Noogie Fest
Written by Kristen
This past Saturday we took ViviAnne to Gilda’s Club Fall Festival, Noogie Fest. There were tons of activities and an animal show for the kids. It was a wonderful opportunity for ViviAnne to play with other Cancer warriors and survivors and for us parents to get to talk with one another about fears, questions, hear positive stories and just have a great cancer family day!

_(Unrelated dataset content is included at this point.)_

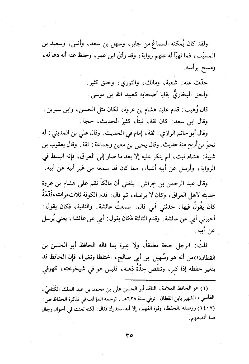 قُلْتُ: الرَّجُلُ حُجَّةٌ مُطْلَقاً، وَلاَ عِبرَةَ بِمَا قَالَهُ الحَافِظُ أَبُو الحَسَنِ بنُ القَطَّانِ (1) مِنْ أَنَّهُ هُوَ وَسُهَيْلُ بنُ أَبِي صَالِحٍ اخْتَلَطَا وَتَغَيَّرَا، فَإِنَّ الحَافِظَ قَدْ يَتَغَيَّرُ حِفْظُه إِذَا كَبِرَ، وَتَنْقُصُ حِدَّةُ ذِهْنِهِ، فَلَيْسَ هُوَ فِي شَيْخُوْخَتِه كَهُوَ فِي
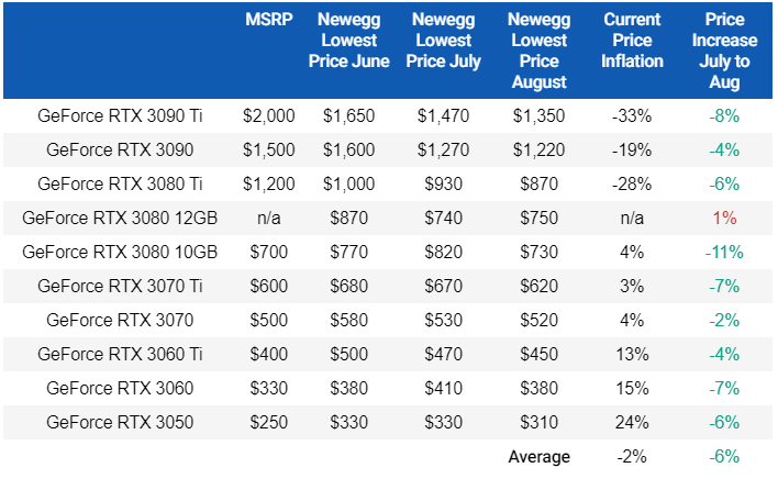 根據 TechSpot 最新統計 GPU 價格追蹤數據,RTX 30 系列部分,高階顯卡都已經比 MSRP 建議售價低很多,像是 RTX 3090 Ti 已經下跌 33%,Newegg 最低可找到 1,350 美金,RTX 3080 Ti 也下跌 28%,最低可用 870 美金入手:

ViviAnne had a blast! She wanted so badly to jump in the big blow up bouncers outside, and did muster the courage when there were not big kids in there and Daddy would sit in the contraption and hold her hands for her to bounce. She would giggle and squeal. (both with fear and delight) She enjoyed the mask making and made some green slime and even had her caricature made! There was also a safari animal show with snakes and frogs and birds. She sat there next to one of the sweetest girls ever, one of Deborah’s triplets, and watched as this crazy man pulled one animal after another from bags. Every time he would ask for a volunteer little hands would shoot up around the room and there our little ViviAnne sat, wanting to be brave and a big kid and you would see her look around at all the kids with their hands waving excitedly in the air and her little arm would creep up only to hold her hand right next to her head. As to say, “yeah I’m big and not scared” but really she was and I am so glad that man didn’t get any quirky ideas and call on her because the outcome would have been bad. Thankfully he didn’t and ViviAnne sat there and watched all the other “brave” volunteers touch the snakes and birds and even a skunk! It was really a great thing for her to get to do.

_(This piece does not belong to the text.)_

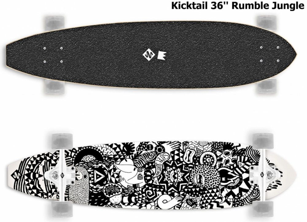 Longboard Street Surfing Cut Kicktail - Rumble Jungle 36" patří mezi longboardy typu kicktail, které jsou jsou ideální do městských ulic kvůli snadnému a rychlému ovládání. Deska je vysoce odolná, vyrobena z 8 vrstev javoru. Prostorný tvar desky umožňuje bezpečnou a vzrušující jízdu. Aluminiové trucky...
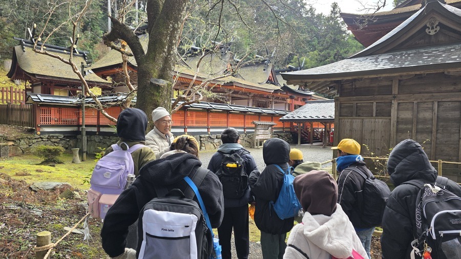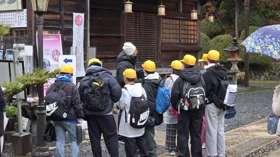 当日はここ最近では一番寒い気温で高野山内では雪が降っている中での現地学習となりました。初めに柿の郷くどやま道の駅で世界遺産マスターと合流し1日の流れ等の説明を受けました。その後、慈尊院、丹生官省符神社から勝利寺に行き、丹生都比売神社に車で移動しました。高野山と深い関係があることをマスターから聞き、初めて知る内容も多かったと思います。地元にこのような素晴らしい場所があることを誇りに感じてほしいと思いました。

I find myself constantly fighting the battle between treating her “normal” and treating her like she is sick. It is so hard to tell sometimes what is real and actual stomach or knee complaints and what is repeating previous experiences. She relives her traumas a lot!! So this weekend to see her get to play and do normal kid things was great. I was aloud to not have that battle within myself and let her be “normal” all the while talking about how hard this is with the other parents. I just hope over the course of the next two years that I never let her see in my eyes that she isn’t normal, because she is only with a little extra crappy stuff. I never want her to see my fear of all of this, not until I have a better handle on it myself because right now it is an uncontrolled fear one that could scare a grown up if I unleashed it so it would frighten the heeby jeebiez out of her!

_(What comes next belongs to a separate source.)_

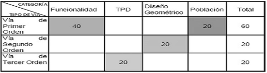 Para clasificar una vía, primero se revisa el criterio de funcionalidad. Cuando la vía se ubica en alguna de las tres categorías (de Primer Orden, de Segundo Orden o de Tercer Orden) se asigna un puntaje de 40. Luego se revisan los rangos de TPD y se asignan 20 puntos y se hace lo mismo con los criterios de diseño y población.

We met other parents whose children are either out of treatment and/ or in the same place of treatment as us. We exchanged numbers and emails in hopes of being able to meet up again and vent and/or cry about this horror we now live. Parents who get it! Mom’s and Dad’s who like any Mom and Dad are trying to do the best they can for their child only we all feel as though the hand we’ve been dealt now has higher stakes than before, higher stakes with worse odds. So I find myself almost being clingy to these Moms when I get the chance to see one, just so I know I’m not crazy or over reacting. Which I’m finding out I’m not but a little reassurance is always nice!